Balancing strength and plasticity of dual-phase amorphous/crystalline nanostructured Mg alloys*

Abstract

The dual-phase amorphous/crystalline nanostructured model has been proved to be an effective method to improve the plasticity of Mg alloys. The purpose of this paper is to explore an approach to improve the ductility and strength of Mg alloys at the same time. Here, the effect of amorphous phase strength, crystalline phase strength and amorphous boundary (AB) spacing on the mechanical properties of dual-phase Mg alloys (DPMA) under tensile loading are investigated using molecular dynamics simulation method. The results confirm that the strength of DPMA can be significantly improved while maintaining its excellent plasticity by adjusting the strength of the amorphous phase or crystalline phase and optimizing the AB spacing.
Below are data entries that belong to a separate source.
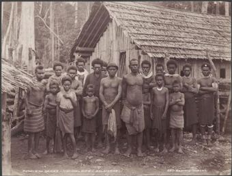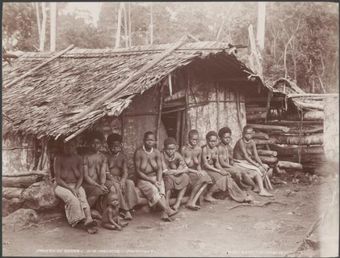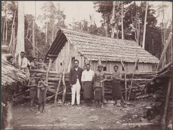 A group of villagers at the landing place on Qarea, Solomon Islands, 1906 / J.W. Beattie
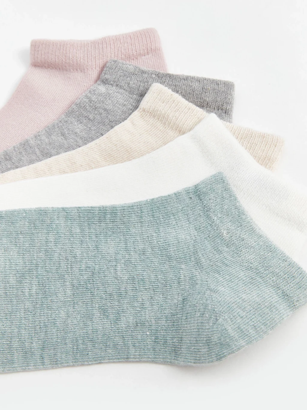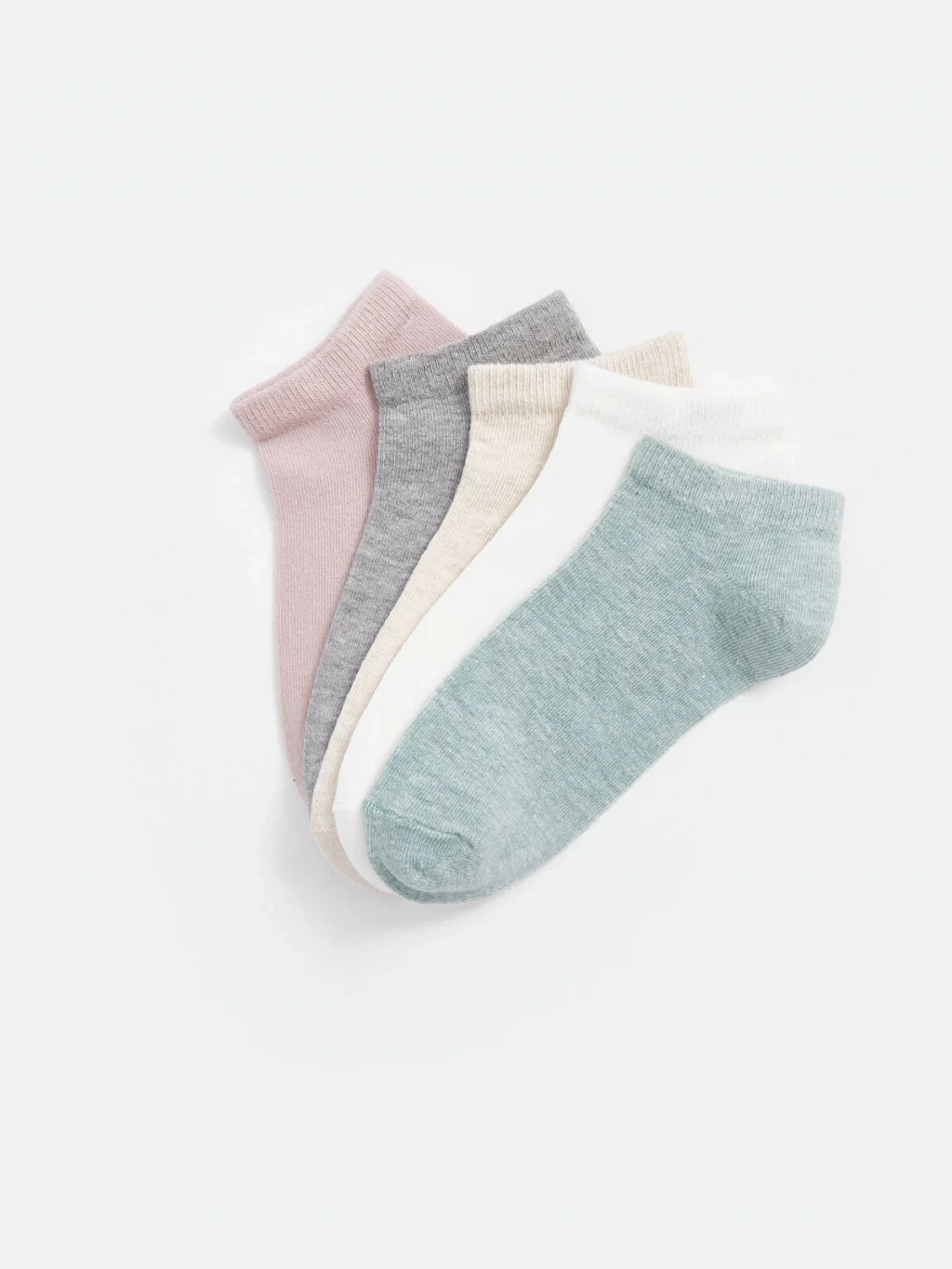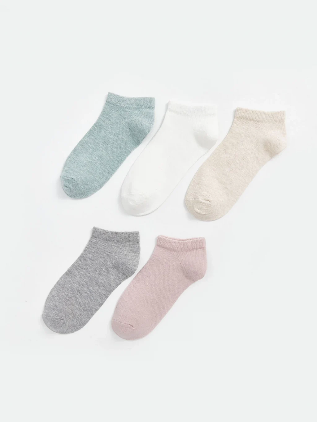 Pamuk karışımlı elyaftan üretilen patik çoraplar, yumuşak ve konforlu bir dokuya sahiptir. Düz, sade tasarımıyla doğal bir görünüm sunar ve 5 çift patik çoraptan oluşmaktadır.
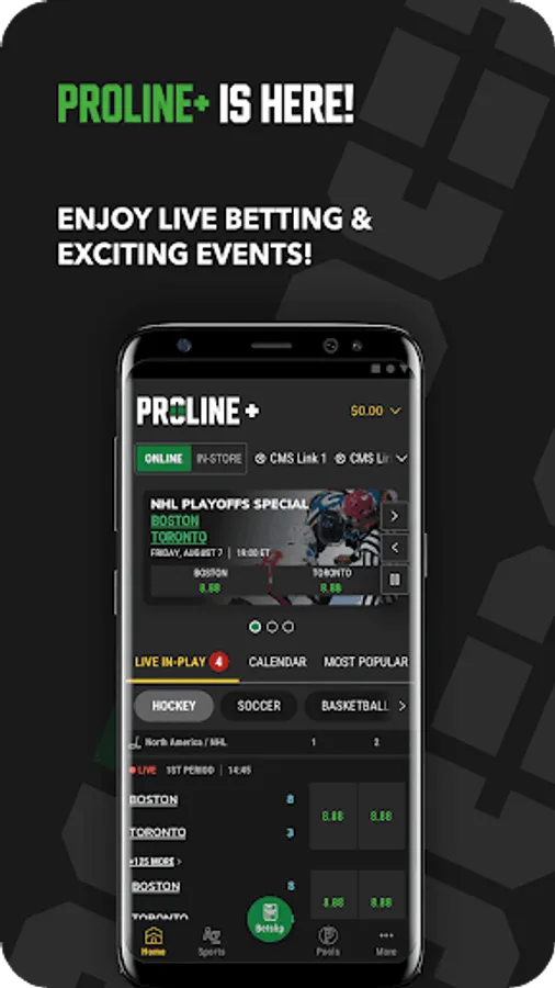 Play Online or In-Store. Now with PROLINE+, you can make wagers directly in the app, bet on live games, and cash out with the press of a button. Staying with the in-store PROLINE experience? Build your bet in the app before heading to the store. With the new offerings of PROLINE and PROLINE+ on OLG’s App, you can bet how you want to.

For the DPMA, when the amorphous phase (or crystalline phase) is strengthened to enhance its strength, the AB spacing should be increased (or decreased) to obtain superior plasticity at the same time. The results also indicate that the DPMA containing high strength amorphous phase exhibits three different deformation modes during plastic deformation with the increase of AB spacing. The research results will be helpful for serving as a theoretical basis and early guidance for the design and development of high performance dual-phase hexagonal close-packed nanostructured metals.